(Activity):
Gather up every line from the entries below that uses the word "about".

(Dataset extract):

----

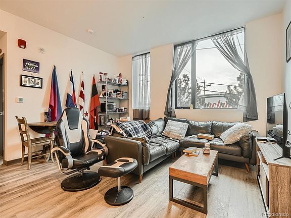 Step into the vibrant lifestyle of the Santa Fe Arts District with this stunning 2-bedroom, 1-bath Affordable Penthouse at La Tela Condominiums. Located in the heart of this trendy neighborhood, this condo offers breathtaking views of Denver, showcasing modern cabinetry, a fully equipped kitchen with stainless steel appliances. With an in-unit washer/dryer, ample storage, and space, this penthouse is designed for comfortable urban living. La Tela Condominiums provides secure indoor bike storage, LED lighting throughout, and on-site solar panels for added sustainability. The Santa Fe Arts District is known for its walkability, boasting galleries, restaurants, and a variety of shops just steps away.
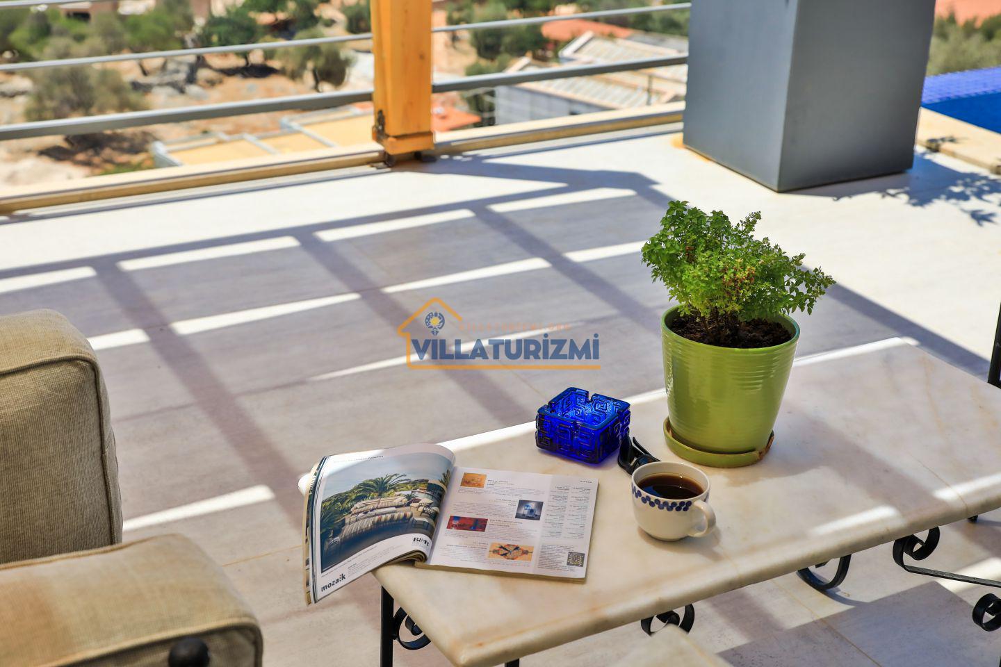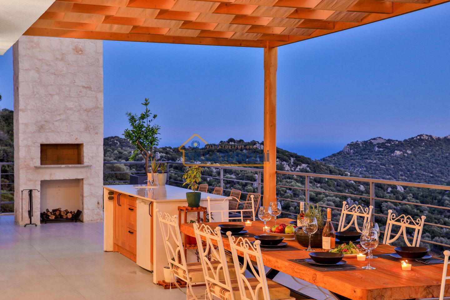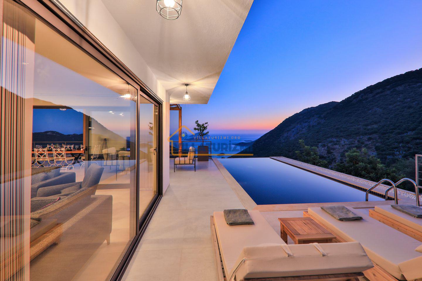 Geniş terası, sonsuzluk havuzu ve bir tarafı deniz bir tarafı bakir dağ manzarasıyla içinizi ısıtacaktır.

----

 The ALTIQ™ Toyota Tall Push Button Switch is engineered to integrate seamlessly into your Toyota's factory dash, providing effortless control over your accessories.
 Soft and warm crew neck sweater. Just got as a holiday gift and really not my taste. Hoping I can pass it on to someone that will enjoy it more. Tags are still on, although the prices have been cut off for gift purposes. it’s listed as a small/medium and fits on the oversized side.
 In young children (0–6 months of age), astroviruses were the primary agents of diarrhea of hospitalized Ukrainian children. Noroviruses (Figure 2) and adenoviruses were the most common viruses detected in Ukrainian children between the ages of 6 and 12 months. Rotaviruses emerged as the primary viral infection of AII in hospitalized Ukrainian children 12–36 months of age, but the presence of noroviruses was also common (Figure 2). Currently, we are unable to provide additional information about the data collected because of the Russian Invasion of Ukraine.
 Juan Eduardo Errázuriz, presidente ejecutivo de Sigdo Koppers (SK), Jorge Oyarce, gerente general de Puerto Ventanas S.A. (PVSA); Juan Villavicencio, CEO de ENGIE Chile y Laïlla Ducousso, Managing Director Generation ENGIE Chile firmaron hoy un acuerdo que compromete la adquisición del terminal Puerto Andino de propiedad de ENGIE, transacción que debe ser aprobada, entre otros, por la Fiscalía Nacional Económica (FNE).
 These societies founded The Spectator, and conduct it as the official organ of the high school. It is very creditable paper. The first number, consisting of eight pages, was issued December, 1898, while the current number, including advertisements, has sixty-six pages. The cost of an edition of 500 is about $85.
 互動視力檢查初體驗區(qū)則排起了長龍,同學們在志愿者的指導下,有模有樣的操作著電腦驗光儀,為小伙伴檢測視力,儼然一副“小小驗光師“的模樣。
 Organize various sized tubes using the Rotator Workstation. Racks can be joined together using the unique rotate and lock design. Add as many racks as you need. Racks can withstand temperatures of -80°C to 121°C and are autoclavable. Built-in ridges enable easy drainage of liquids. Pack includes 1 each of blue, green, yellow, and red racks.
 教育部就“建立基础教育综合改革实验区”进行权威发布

----

(Exercise output):
 In young children (0–6 months of age), astroviruses were the primary agents of diarrhea of hospitalized Ukrainian children. Noroviruses (Figure 2) and adenoviruses were the most common viruses detected in Ukrainian children between the ages of 6 and 12 months. Rotaviruses emerged as the primary viral infection of AII in hospitalized Ukrainian children 12–36 months of age, but the presence of noroviruses was also common (Figure 2). Currently, we are unable to provide additional information about the data collected because of the Russian Invasion of Ukraine.
 These societies founded The Spectator, and conduct it as the official organ of the high school. It is very creditable paper. The first number, consisting of eight pages, was issued December, 1898, while the current number, including advertisements, has sixty-six pages. The cost of an edition of 500 is about $85.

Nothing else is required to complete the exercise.